What the task asks: Your reply should reproduce all the data below exactly while excluding the pictures.

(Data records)
|---|

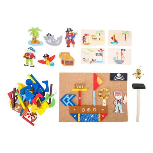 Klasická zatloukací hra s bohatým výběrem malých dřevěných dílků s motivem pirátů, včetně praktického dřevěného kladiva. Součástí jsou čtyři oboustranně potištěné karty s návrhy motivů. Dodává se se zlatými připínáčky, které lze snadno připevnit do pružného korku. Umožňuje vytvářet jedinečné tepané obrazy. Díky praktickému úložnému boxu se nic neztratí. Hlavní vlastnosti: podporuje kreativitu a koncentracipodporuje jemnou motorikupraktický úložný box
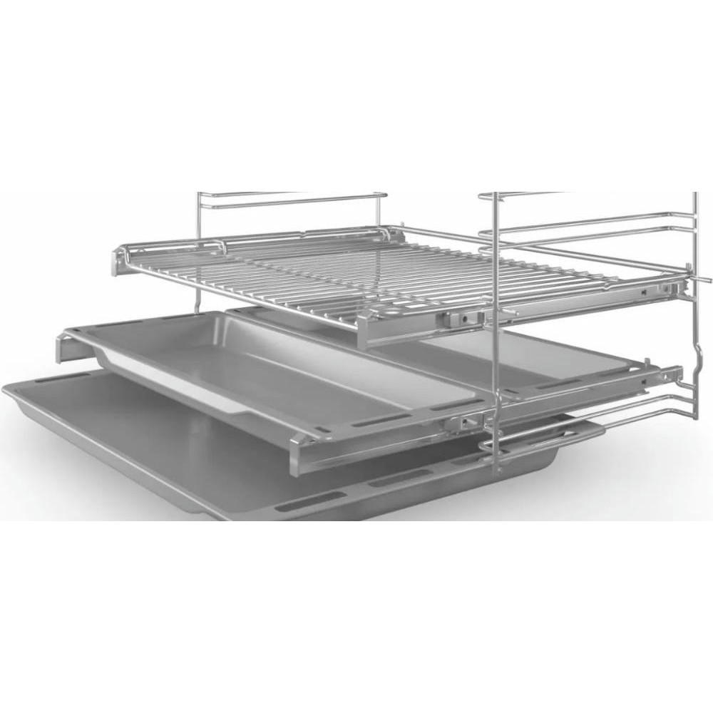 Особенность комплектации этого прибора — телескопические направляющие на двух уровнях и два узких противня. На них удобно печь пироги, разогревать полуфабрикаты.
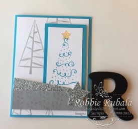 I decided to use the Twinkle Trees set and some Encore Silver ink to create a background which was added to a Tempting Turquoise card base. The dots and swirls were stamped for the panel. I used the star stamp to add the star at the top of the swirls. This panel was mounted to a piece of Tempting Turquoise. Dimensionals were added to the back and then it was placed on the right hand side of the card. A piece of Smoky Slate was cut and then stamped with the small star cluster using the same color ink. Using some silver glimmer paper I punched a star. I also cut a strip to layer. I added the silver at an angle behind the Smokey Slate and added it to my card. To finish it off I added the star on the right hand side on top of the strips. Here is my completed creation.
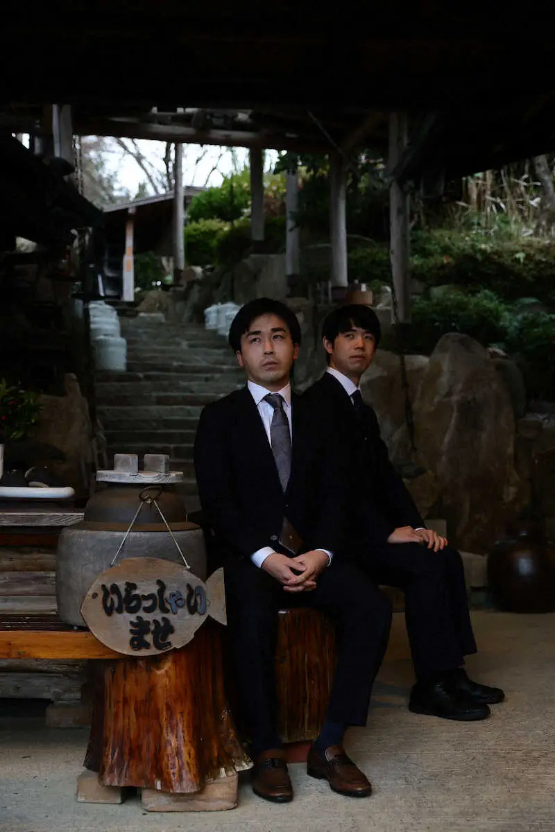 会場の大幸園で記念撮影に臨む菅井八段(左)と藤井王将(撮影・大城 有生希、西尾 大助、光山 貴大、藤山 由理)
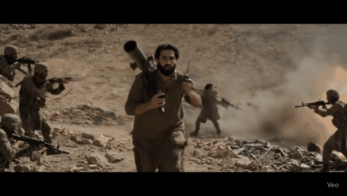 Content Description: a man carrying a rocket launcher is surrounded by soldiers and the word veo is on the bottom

|---|

Your solution:
 Klasická zatloukací hra s bohatým výběrem malých dřevěných dílků s motivem pirátů, včetně praktického dřevěného kladiva. Součástí jsou čtyři oboustranně potištěné karty s návrhy motivů. Dodává se se zlatými připínáčky, které lze snadno připevnit do pružného korku. Umožňuje vytvářet jedinečné tepané obrazy. Díky praktickému úložnému boxu se nic neztratí. Hlavní vlastnosti: podporuje kreativitu a koncentracipodporuje jemnou motorikupraktický úložný box
 Особенность комплектации этого прибора — телескопические направляющие на двух уровнях и два узких противня. На них удобно печь пироги, разогревать полуфабрикаты.
 I decided to use the Twinkle Trees set and some Encore Silver ink to create a background which was added to a Tempting Turquoise card base. The dots and swirls were stamped for the panel. I used the star stamp to add the star at the top of the swirls. This panel was mounted to a piece of Tempting Turquoise. Dimensionals were added to the back and then it was placed on the right hand side of the card. A piece of Smoky Slate was cut and then stamped with the small star cluster using the same color ink. Using some silver glimmer paper I punched a star. I also cut a strip to layer. I added the silver at an angle behind the Smokey Slate and added it to my card. To finish it off I added the star on the right hand side on top of the strips. Here is my completed creation.
 会場の大幸園で記念撮影に臨む菅井八段(左)と藤井王将(撮影・大城 有生希、西尾 大助、光山 貴大、藤山 由理)
 Content Description: a man carrying a rocket launcher is surrounded by soldiers and the word veo is on the bottom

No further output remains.